Designer:
Leo Kleiweg
President
Paragon Pools
Houston

Viewed from the home side, this pool takes a low profile and unobtrusively melds into the lake beyond, helped by the expert color matching of the pebble interior. From the back, the waterscape forms an elegant stack of rectangles — pool to spa to bubbler fountain feature.

The lines of the waterscape — particularly the main pool’s 41-foot-long vanishing edge — are further elongated by narrow, horizontally oriented subway tiles. Straight-setting the black quartzite pieces made an even stronger linear statement. Mirroring the geometry, but with a color and textural shift, Kleiweg veneered the raised planter and outer catch-basin wall with a similarly horizontal but rough stacked stone.
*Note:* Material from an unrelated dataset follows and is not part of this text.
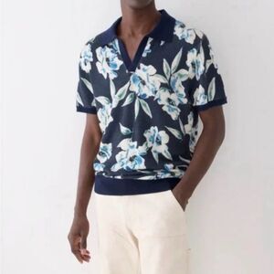 ❤️Lightweight Cashmere Floral Polo Shirt/Sweater - Navy and Blue | L

Blended into this sleek visage are a surprising number of features. An approximately 14-foot long L-shaped fire feature wraps around one corner of the elevated spa. Clad in the same light gray, stone-textured porcelain as the deck, it adds contrast to the dark grays of the poolscape.

Inside the pool, near the spa dam, a cold-water nook with a wrap-around bench encourages easy conversation between people in cold and hot water.

Part of the pool lay underneath a second-story balcony. This more tightly tied the pool with the abode and provided the opportunity for a little spectacle — a rain curtain dropping off the top. This satisfied a request from the husband. More to the wife’s liking, Kleiweg added four laminar arcs for a layered-water effect. Color-changing lights add contained flamboyance.

Underwater stools are veneered with the same porcelain, stone-textured tile used on the deck. As always, Kleiweg used a contrasting material for the sake of visibility and safety. The deck material provided the needed contrast against the pool’s dark blue pebble finish, while integrating with the rest of the design.